CVS’s entire insurance business performed poorly during the quarter:
In the MA book of business, CVS saw continued elevated utilization across inpatient, supplemental benefits, and pharmacy. It sounds like the early part of Q3 has gotten even worse. It is projecting a 1% - 2% improvement in margins in 2025, a first step toward getting back to 4% - 5% in the longer term.
CVS was also caught off-guard in the ACA business, as its risk adjustment accrual was $225 million higher than anticipated, putting Aetna’s ACA business below breakeven for 2024. CVS has refiled bids for 2025 given the risk adjustment issue, which it shared should allow that business to recover in 2025. Given the substantial price increases, CVS expects membership to decline in the ACA business in 2025
CVS saw the same Medicaid acuity dislocation other insurers reported due to redeterminations. Unlike other insurers, CVS noted it is not expecting any improvement in this acuity gap during the remainder of 2024.
The poor results in both MA and the ACA are made all the more remarkable (not in the good way) given the positive performance many other insurers have reported this year. Case in point: while CVS has gone margin negative on both MA and ACA, Oscar Health has turned a profit two straight quarters as an ACA business, and Clover just turned its first quarterly profit on its MA business. It’s a surprising role reversal to see the startups hitting profitability while the behemoth loses money on the business.
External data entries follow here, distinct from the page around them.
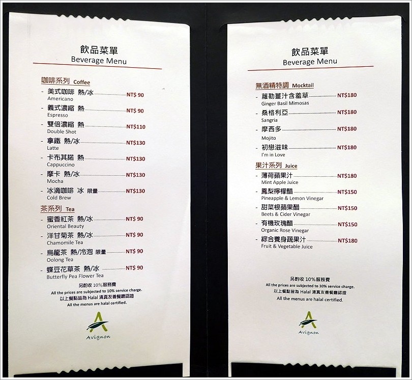 ▼另外還有各式各樣的艾維農套餐,價位從480~780元不等,且餐點都有經過清真友善餐廳認證,所以都可以放心享用唷!
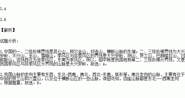 1.图中既是我国地势第二、三级阶梯分界线,又是我国季风区与非季风区分界线的山脉是( )
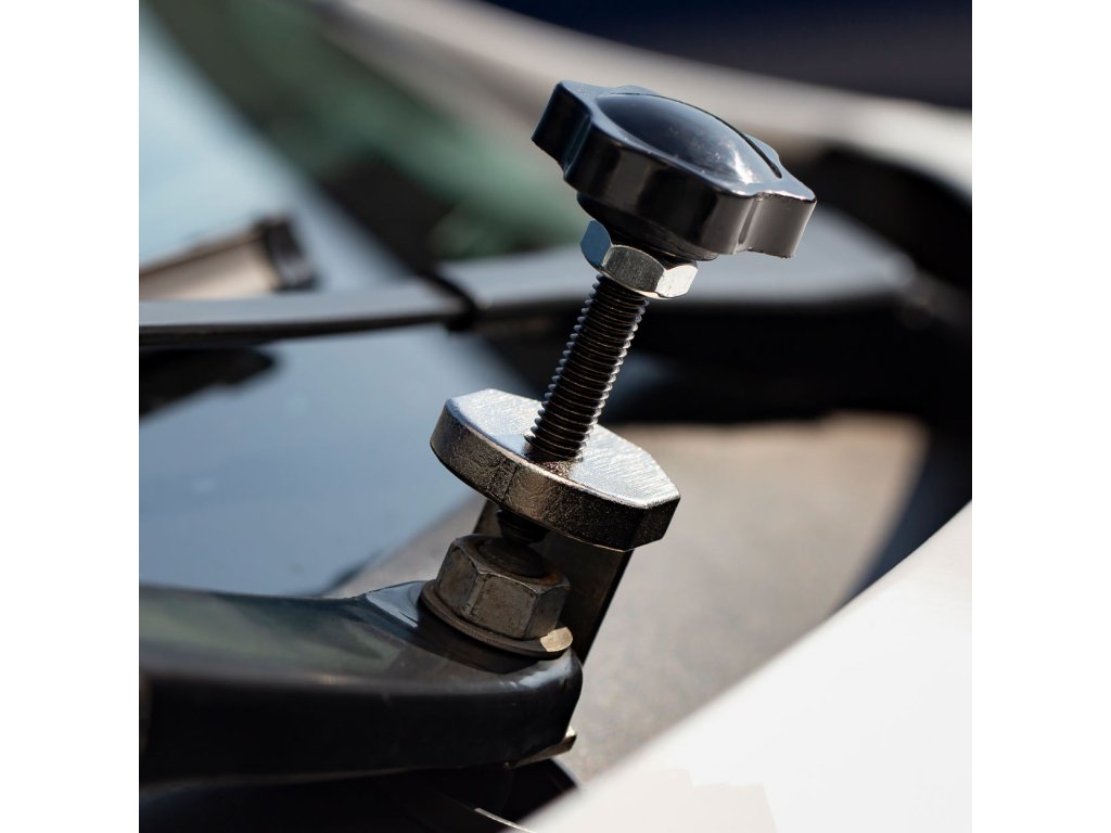 Princíp činnosti: tvarované čeľuste zachytávajú ramienko stierača, pomocou skrutky sa ramienko vysúva z objímky.

In order to address this issue, CVS CEO Karen Lynch will step back into a role leading the Aetna business. When asked by an analyst about changing priorities under new leadership at Aetna, this was Lynch’s response:
I will be establishing a very strong management process, driving execution of improved financial and operational performance, and those will be my key priorities.
I’m not sure about you, but given the magnitude of CVS's issues, I’d have hoped for a bit more detail on the changes being made internally. It’s a surprisingly vague response particularly given Lynch previously led Aetna from 2015 - 2021. The implication that Aetna needs to implement a new management process is particularly interesting given this — how much has changed there since 2021?
In addition to the leadership changes, CVS also shared in the earnings announcement it expects to take out $2 billion of costs out of the enterprise, with line of sight into $500 million of savings in 2025. They referenced streamlining operations, rationalizing the business portfolio, and accelerating AI and automation across the enterprise. But again, not a ton of detail was shared here regarding how it expects to achieve the savings.
In the context of all of this, it was notable that CVS did not have an update on any potential financing partners for Oak Street clinic growth (Bloomberg reported in May that CVS was seeking PE partnerships to finance Oak Street growth)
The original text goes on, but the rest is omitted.